■ TO DO
For each entry, output its words exactly and leave any picture behind.

■ GIVEN RECORDS
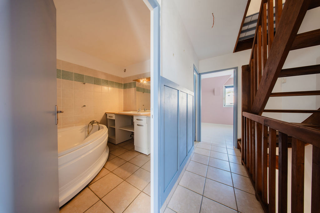 Au 2e niveau, les combles aménagés apportent un supplément de surface : ~16 m² Carrez (pour ~22 m² au sol) sous une belle pente, baignés de lumière grâce au velux. On s’y projette facilement en suite parentale, bureau isolé ou salle de jeux, selon le programme de la famille. Le gabarit, la hauteur et l’éclairement en font une pièce à part entière.
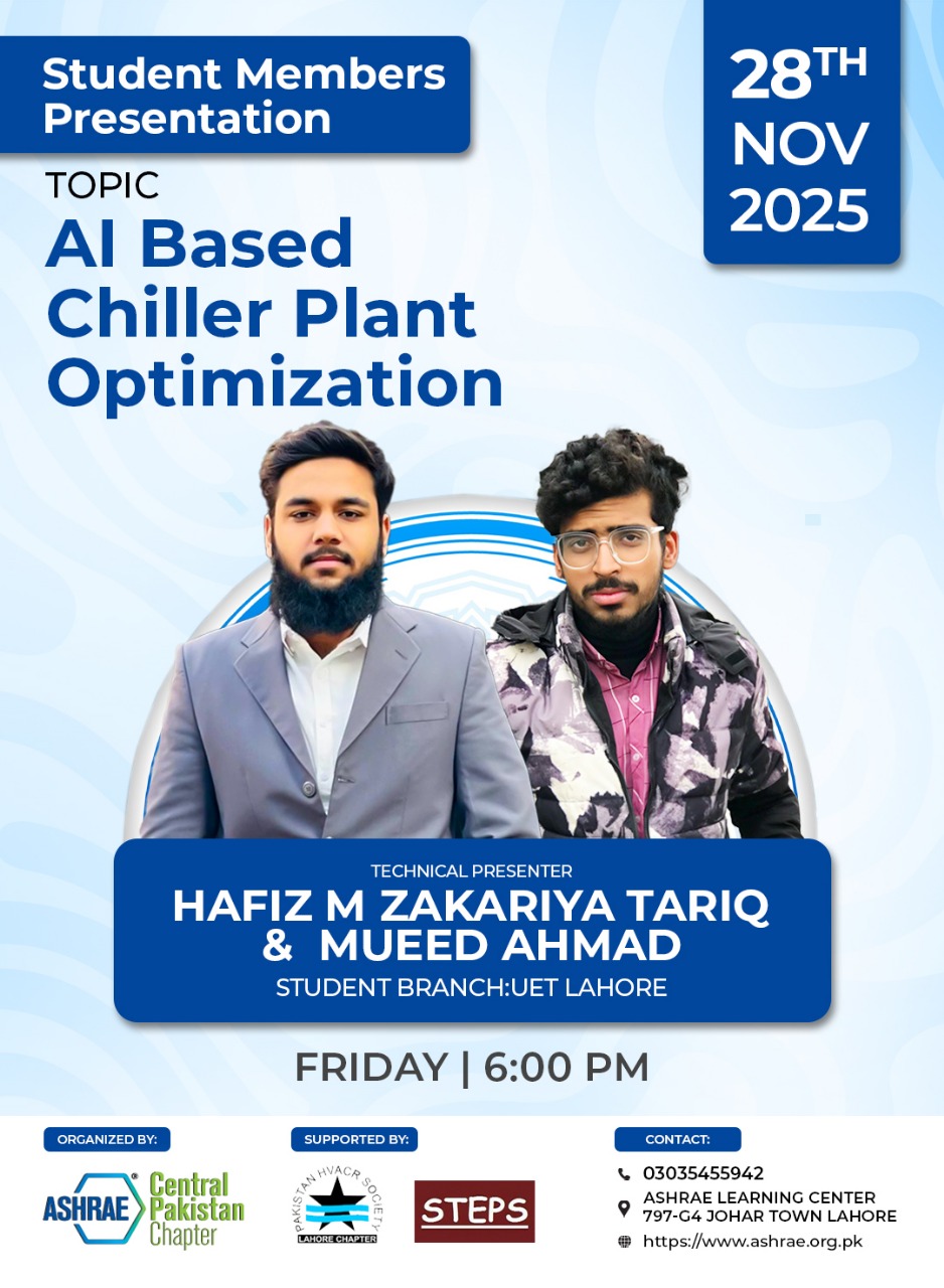 When you become a member of the ASHRAE Central Pakistan Chapter (CPC). you will be the part of the elite international ASHRAE engineering society.
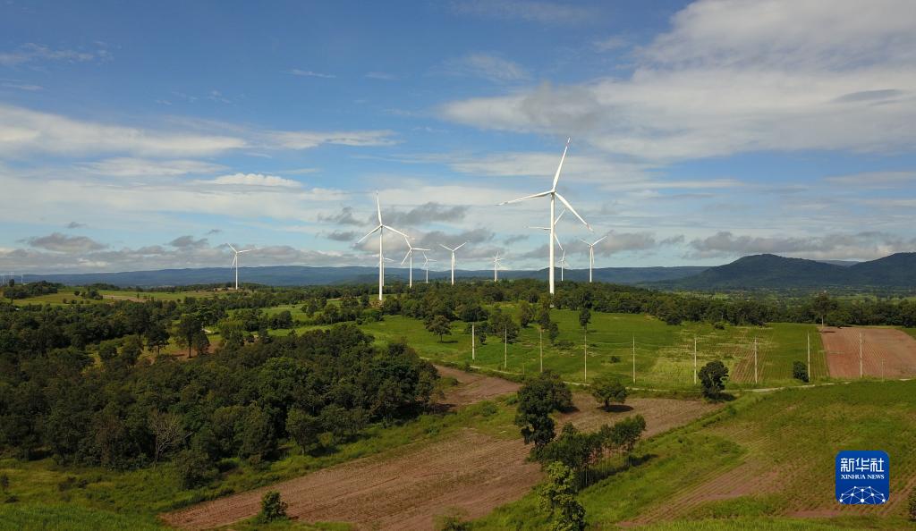 這是位于泰國猜也蓬府的由中國金風(fēng)科技提供的風(fēng)力發(fā)電機(2022年10月4日攝,無人機照片)。新華社發(fā)(塔納攝)
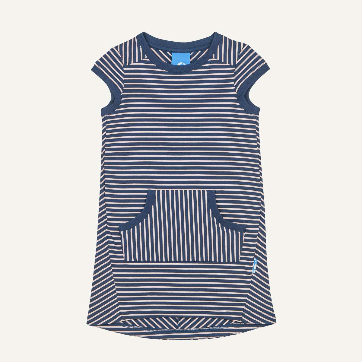 Kein Sommer ohne Kurzarmkleid. KEIDAS überzeugt schon optisch durch Biobaumwolle und seinen fröhlichen Streifenmix. Kinderhände oder Strandfundstücke finden in den beiden Einstecktaschen auf der Vorderseite Platz.
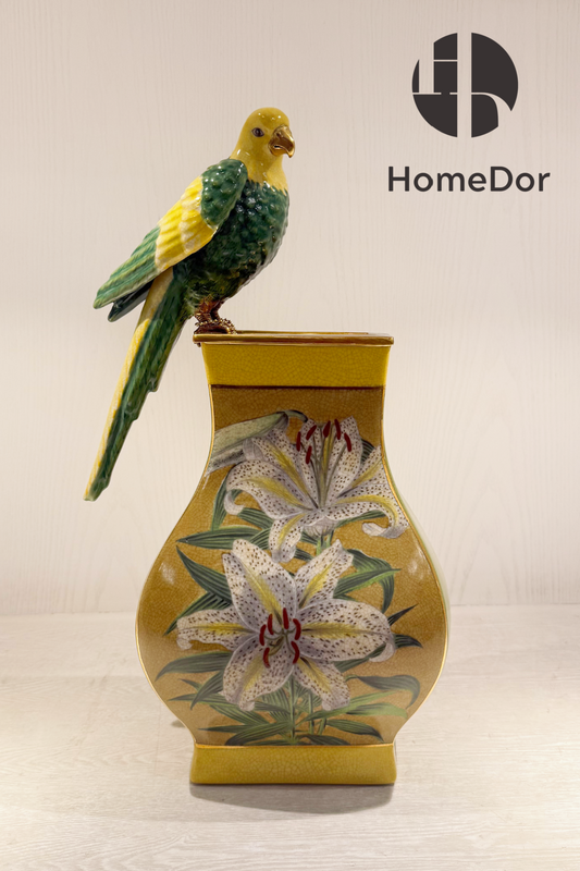 HomeDor × FH&Home | Exquisito Jarrón de Porcelana con Urraca
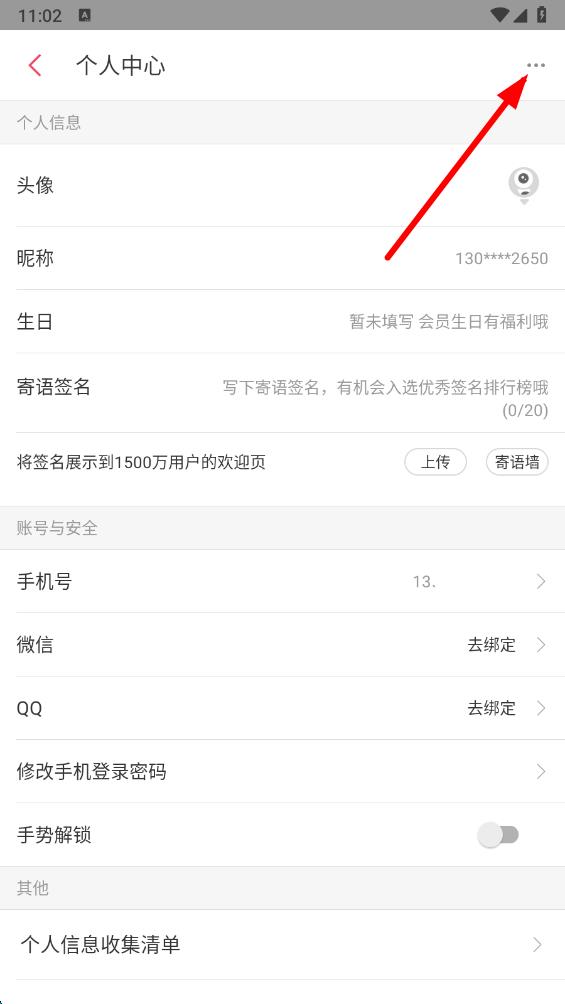 3、在個人中心頁面,點(diǎn)擊右上角的更多圖標(biāo)。

■ RESPONSE
 Au 2e niveau, les combles aménagés apportent un supplément de surface : ~16 m² Carrez (pour ~22 m² au sol) sous une belle pente, baignés de lumière grâce au velux. On s’y projette facilement en suite parentale, bureau isolé ou salle de jeux, selon le programme de la famille. Le gabarit, la hauteur et l’éclairement en font une pièce à part entière.
 When you become a member of the ASHRAE Central Pakistan Chapter (CPC). you will be the part of the elite international ASHRAE engineering society.
 這是位于泰國猜也蓬府的由中國金風(fēng)科技提供的風(fēng)力發(fā)電機(2022年10月4日攝,無人機照片)。新華社發(fā)(塔納攝)
 Kein Sommer ohne Kurzarmkleid. KEIDAS überzeugt schon optisch durch Biobaumwolle und seinen fröhlichen Streifenmix. Kinderhände oder Strandfundstücke finden in den beiden Einstecktaschen auf der Vorderseite Platz.
 HomeDor × FH&Home | Exquisito Jarrón de Porcelana con Urraca
 3、在個人中心頁面,點(diǎn)擊右上角的更多圖標(biāo)。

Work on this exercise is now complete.